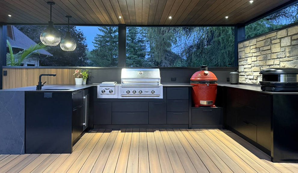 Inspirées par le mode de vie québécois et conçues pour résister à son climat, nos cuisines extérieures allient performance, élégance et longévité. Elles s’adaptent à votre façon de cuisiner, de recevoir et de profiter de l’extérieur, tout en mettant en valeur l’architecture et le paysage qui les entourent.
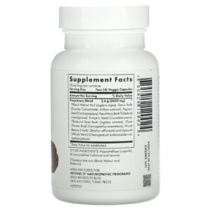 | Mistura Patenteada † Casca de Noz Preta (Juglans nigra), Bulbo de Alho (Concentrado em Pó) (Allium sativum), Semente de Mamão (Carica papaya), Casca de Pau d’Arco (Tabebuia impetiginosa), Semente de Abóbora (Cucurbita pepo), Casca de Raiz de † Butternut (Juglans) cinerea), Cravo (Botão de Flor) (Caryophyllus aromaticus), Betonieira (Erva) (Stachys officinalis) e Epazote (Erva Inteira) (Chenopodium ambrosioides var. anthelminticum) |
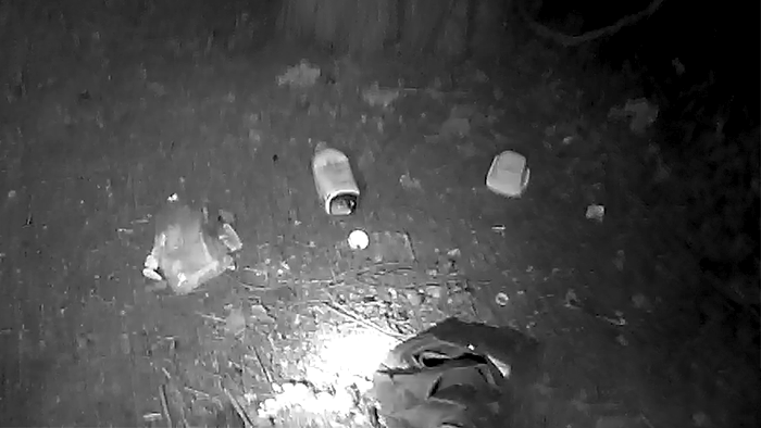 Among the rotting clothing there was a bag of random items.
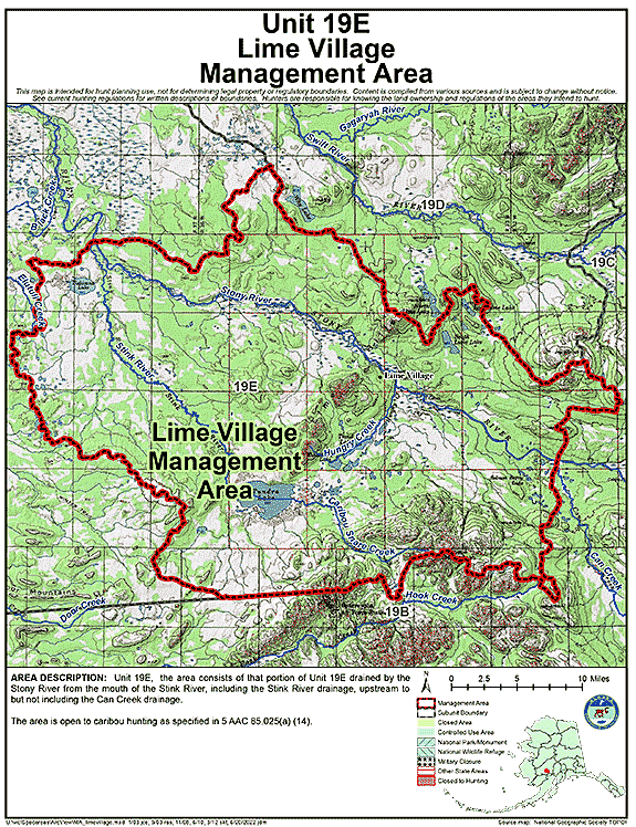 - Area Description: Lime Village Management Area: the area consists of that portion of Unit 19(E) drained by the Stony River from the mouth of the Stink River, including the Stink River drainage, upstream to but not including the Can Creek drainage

+===+

A verbatim copy of the material is needed; pictures are not to appear in it.

 Inspirées par le mode de vie québécois et conçues pour résister à son climat, nos cuisines extérieures allient performance, élégance et longévité. Elles s’adaptent à votre façon de cuisiner, de recevoir et de profiter de l’extérieur, tout en mettant en valeur l’architecture et le paysage qui les entourent.
 | Mistura Patenteada † Casca de Noz Preta (Juglans nigra), Bulbo de Alho (Concentrado em Pó) (Allium sativum), Semente de Mamão (Carica papaya), Casca de Pau d’Arco (Tabebuia impetiginosa), Semente de Abóbora (Cucurbita pepo), Casca de Raiz de † Butternut (Juglans) cinerea), Cravo (Botão de Flor) (Caryophyllus aromaticus), Betonieira (Erva) (Stachys officinalis) e Epazote (Erva Inteira) (Chenopodium ambrosioides var. anthelminticum) |
 Among the rotting clothing there was a bag of random items.
 - Area Description: Lime Village Management Area: the area consists of that portion of Unit 19(E) drained by the Stony River from the mouth of the Stink River, including the Stink River drainage, upstream to but not including the Can Creek drainage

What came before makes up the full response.